I'll try to be clear in a field of which I know little... I have a new pellet boiler feeding hot water into a puffer for radiators and hot tap water. A thermostat in the house requests water at given intervals for the radiators. Fine, when I go on holiday, I tell the thermostat to wake up the day before I get back. But in the meantime, the puffer has been cooling due to heat loss and the boiler has been keeping the puffer temperature up. I would like the whole system to shut down until I programme it to wake up. Now, the manufacturer tells me there is a wire bridge on the circuit board. Without it, the boiler stays off, so what I would like to do is put a timer in on this. It's just one wire: out of one connector into another. Are there any times for just one cable? All those I've seen are plug-in between a power source and the utility. Any ideas? Thanks!

1 Answer 1


You need a relay, which is a usually part of a timer - but you need a timer which has separate contacts for its power, and the relay contacts, rather than a plug-in type timer that combines those.

This is not an uncommon configuration, but shopping questions are off-topic so you'll have to find one yourself.

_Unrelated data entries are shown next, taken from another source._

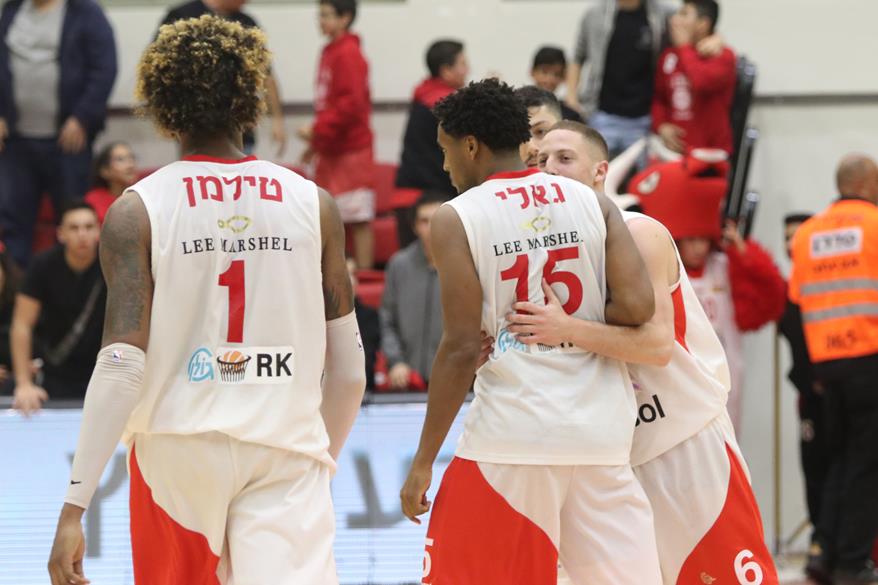 רייבונטה רייס קלע נקודות בכורה בארץ הקודש, בן צבי מסר אסיסט נהדר לדאנק של דבנפורט והגארד האמריקאי החדש הראה יכולות גם בהגנה עם חטיפה ואסיסט למנקו, 17:29. גאלי וטילמן עצרו את כדור השלג, אבל תומפסון שלט מתחת לסלים וקבע יתרון 25:34. דבנפורט ספג עבירה שלישית (טכנית), נתנאל ארצי צלף מבחוץ וסוסה גילח עוד שתי נקודות מההפרש בקליעות עונשין, אלא שג'ף גריי שעלה מהספסל ושולדבראנד הפגיזו מבחוץ וברחו שוב, 30:41. ארצי חטף וטס כל הדרך לדאנק מרשים ביד שמאל, מנקו וסוסה השיגו כל אחד בתורו מהלך של 3 נקודות ובמחצית 36:44 לאורחים.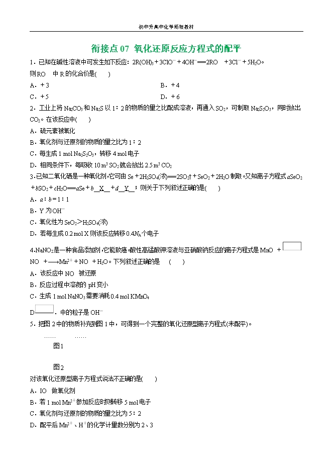 初中升高中化学衔接教材练习卷:衔接点07 氧化还原反应方程式的配平(解析版和原卷版)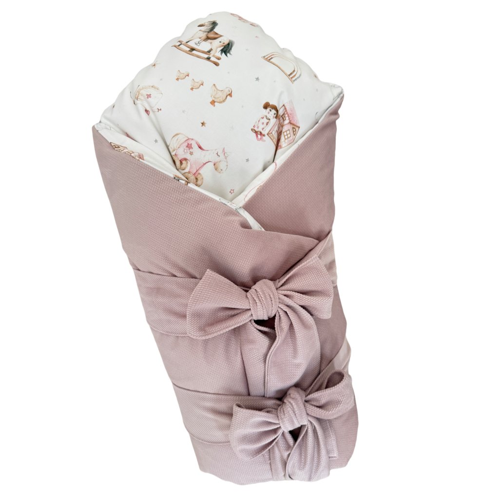 Páperová rýchlozavinovačka s ružovými hračkami poskytne vášmu novorodencovi príjemný pocit istoty a tepla, ktorý mu pomôže ľahšie sa adaptovať na svet mimo mamičkinho bruška. Výplň z prírodného husacieho páperia zabezpečuje efektívnu termoreguláciu – v zime hreje, v lete príjemne dýcha. Praktický dizajn s odnímateľnými časťami umožňuje využívať páperovú zavinovačku od prvých dní až po obdobie, keď z nej dieťatko vyrastie.

I wlll make a general comment that "DIN" relays (designed for mounting on a "DIN Rail" as part of industrial control solutions) often appear to be the most reliable form of these, but there are other form factors available.

You could also use a "plug-in timer" connected to a separate relay, but that's more parts than you actually need.

Concern: If you turn off the system completely while you are away, what happens if the temperature drops below freezing? Could be rather messy, which is why most systems are simply set back to 50-55F or 10-12C rather than being turned off, at least in heating season.

  • Thanks for the response! Yes, if it were mid-winter I would certainly leave everything in 'anti-freeze mode' and put up with the heat loss. But in mid-season it would just be a waste of energy.